Ventriloquist DummyEarlier this week, I wrote about the movie Cradle Will Rock. It really is a good film and an indication of this is that I had totally forgotten that I had already written about the film. I was still thinking, I’ve got to figure out how to write about the film. And this morning, it hit me, “My Suitcase and a Clown.” But all it really meant was that I have more to say about the movie. For a general discussion of it, go and read what I wrote.

I write songs and in my lifetime, I’ve certainly written over a hundred and very likely double that. My style was always a bit unusual, but in the last decade it has gotten to the point where it is mostly bizarre—or at least that’s the case in the songs I most love. I can still write a blues song. Not that long ago, I wrote a song in iambic pentameter called, “Angela’s Drilling a Hole.” (Regardless what you think, it’s not about that.) And I can still grind out the kind of post-punk I cut my teeth on like a song all my friends hate, “Jimmy Burned His Hand.” (That one probably is what you think, as long as you assume he did it intentionally and that there are lots more like him.) But these more recent ones—the bizarre ones—are, according to those who have heard parts of them, unlistenable.

As far as I can tell, they are unpleasant (But not to me!) because they are highly syncopated and repetitive. They are, in fact, the kinds of songs I tried to write when I first started writing songs. But people told me that they weren’t songs. And they were right: they were more along the lines of chants—but really “in your face” chants. The first of these more recent “bizarre” songs I remember writing was, “You Make Me Want to Be a Meat Inspector.” (You can probably guess that’s a love song, but you probably misunderstand the meaning of “meat.” Don’t think sex, think 1 Corinthians 13:11.)
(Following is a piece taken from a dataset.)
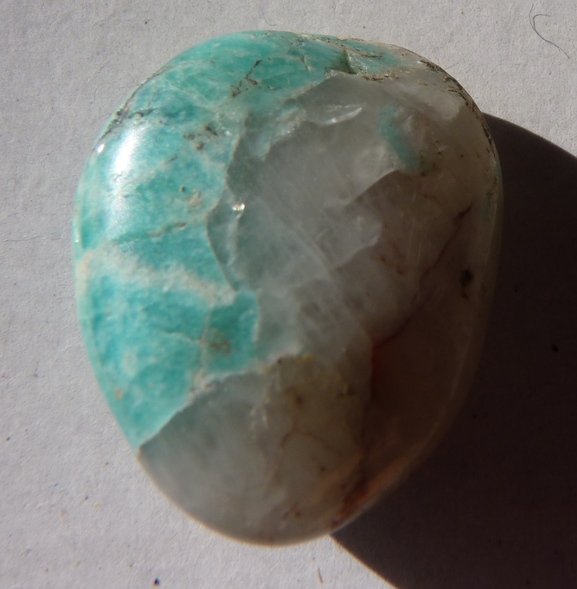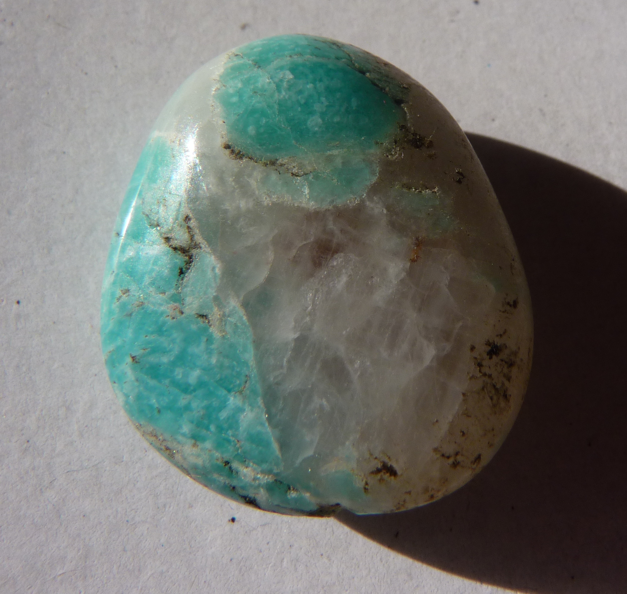 Der bläuliche Anteil ist bei meinen Steinen schwach bis gut durchscheinend.

One of the problems with these songs is that I so love them that I never really finish them. They’re like those old Bob Dylan tunes that have dozens of verses. But because no one is paying me or even willing to listen, I never have to stop. And that brings me to “My Suitcase and a Clown.” Obviously, this is about a a labor dispute between a ventriloquist and his “dummy.” Okay, it isn’t obvious at all, but that’s what it’s about. The “clown” in the title is the ventriloquist, not the “dummy.” Just like the labor struggles of old, it starts violent, but it ends with respect and profit sharing.

As you know if you’ve read my other article on Cradle Will Rock, Bill Murray plays Tommy Crickshaw, an old vaudeville ventriloquist. He is one of the anti-communists, but it is pretty clear in the film that the main reason he testifies against the FTP that he is part of, is that he has fallen in love with Hazel Huffman (Joan Cusack). But his testimony has put him out of job and now all the other artists hate him. He’s in his dressing room talking to his puppet and it is implied that Crickshaw used to be a communist himself. And then we get the following scene (don’t worry about the length, it is cued to the right part):

And then we know. He sings (as his puppet) “The Internationale”[1] by heart. He was a communist. And he is lost. We only see him very briefly later where he and Huffman meet, perhaps implying a relationship, but they both seem broken by the experience.

What I think is interesting is that I’ve always flattered myself that I was unique. And I do think that labor relations from the perspective of a ventriloquist and a “dummy” is fairly creative. What’s more, my take on it is quite different. But I admire Tim Robbins for coming up with the idea and putting it into this film in this way. It really is brilliant. And when the puppet falls off the stand and onto the floor, it is shocking—perhaps the saddest moment in the film.

Clearly, puppet is an inanimate object. In the scene, Crickshaw is doing all the work. In our society, things are the reverse of that. We have a system where the puppet is what is most valued. After all, he’s the funny one; he’s the one who appears to be delivering the goods. But without Crickshaw, he is nothing. By this I absolutely do not mean that capital shouldn’t be privately owned or that it doesn’t deserve a cut of the profits. But for almost 40 years—the vast majority of my life—productivity gains have gone almost exclusively to those who own capital. The Crickshaws, who make everything work by, you know, working have gotten virtually nothing.

In the movie, Crickshaw’s puppet is a symbol of lost innocence. But in our world, the dummy is now in control of the ventriloquist. I do not wish it, but one day, the cradle will fall.